---------- Entries shown ----------

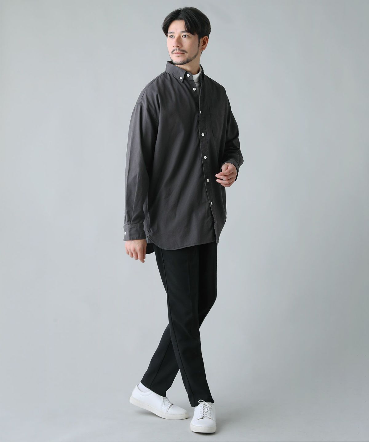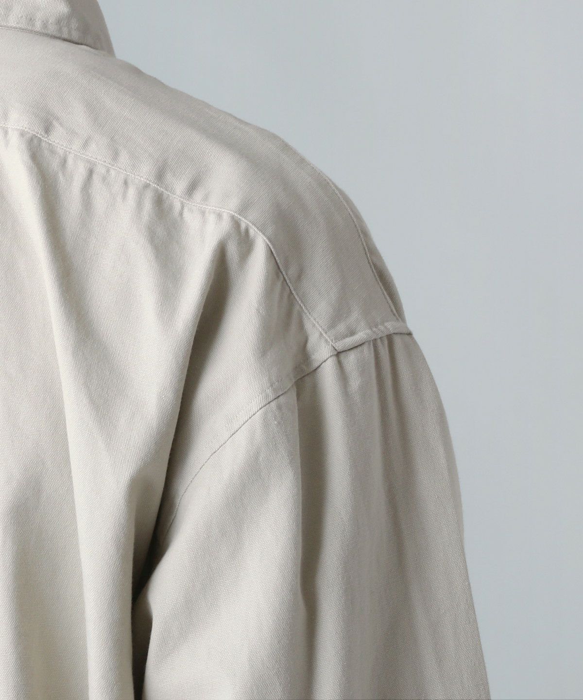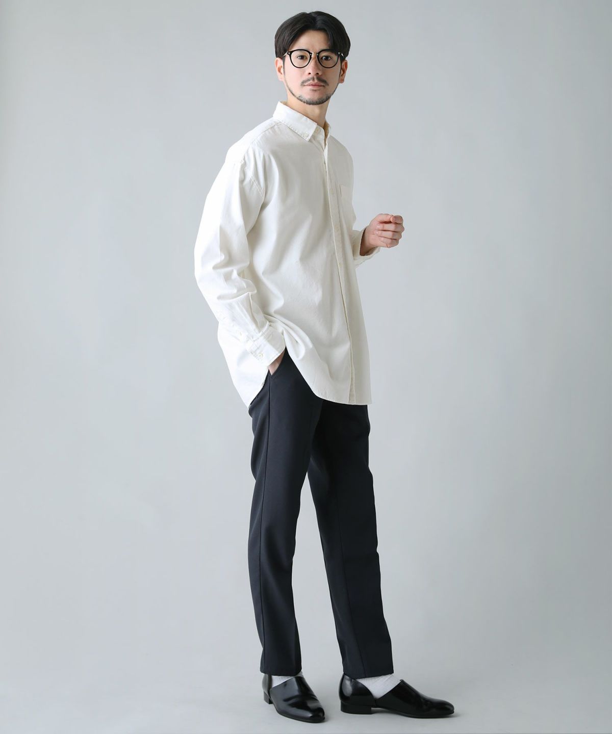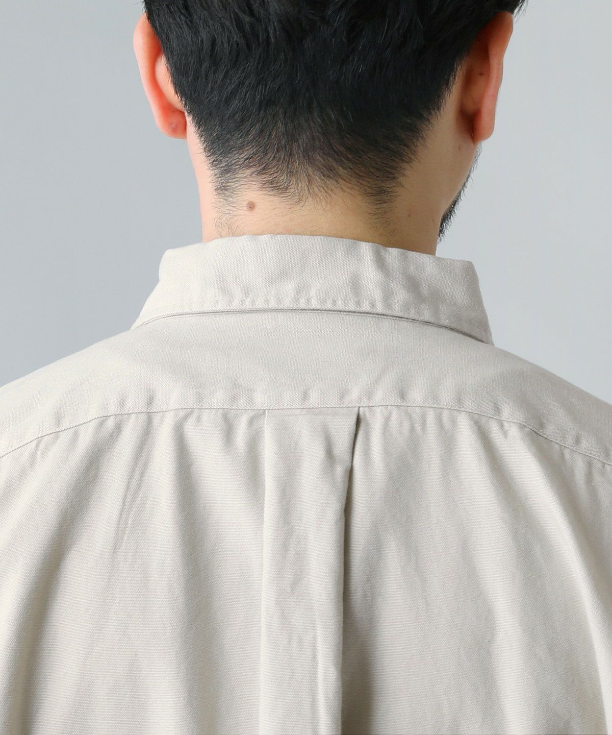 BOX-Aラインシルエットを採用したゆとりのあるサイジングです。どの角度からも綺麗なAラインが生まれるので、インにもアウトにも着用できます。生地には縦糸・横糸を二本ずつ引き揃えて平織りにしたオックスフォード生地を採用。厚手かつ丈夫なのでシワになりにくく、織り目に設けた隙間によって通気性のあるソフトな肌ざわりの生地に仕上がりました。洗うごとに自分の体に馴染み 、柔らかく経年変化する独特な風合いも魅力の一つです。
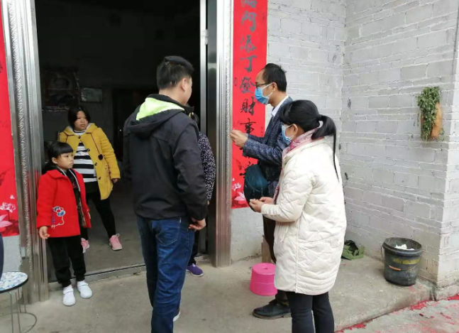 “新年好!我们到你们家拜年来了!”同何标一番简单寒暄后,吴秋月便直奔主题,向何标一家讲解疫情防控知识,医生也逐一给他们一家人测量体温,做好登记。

----------
---------- Entries shown ----------

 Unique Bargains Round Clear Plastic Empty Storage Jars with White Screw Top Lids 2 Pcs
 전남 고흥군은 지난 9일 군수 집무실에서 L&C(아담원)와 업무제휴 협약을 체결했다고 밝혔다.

----------

Print exactly the lines above, between the one holding "Unique Bargains Round" and the one holding "전남 고흥군은 지난 9일", inclusive, and nothing besides.

#### Response:
 Unique Bargains Round Clear Plastic Empty Storage Jars with White Screw Top Lids 2 Pcs
 전남 고흥군은 지난 9일 군수 집무실에서 L&C(아담원)와 업무제휴 협약을 체결했다고 밝혔다.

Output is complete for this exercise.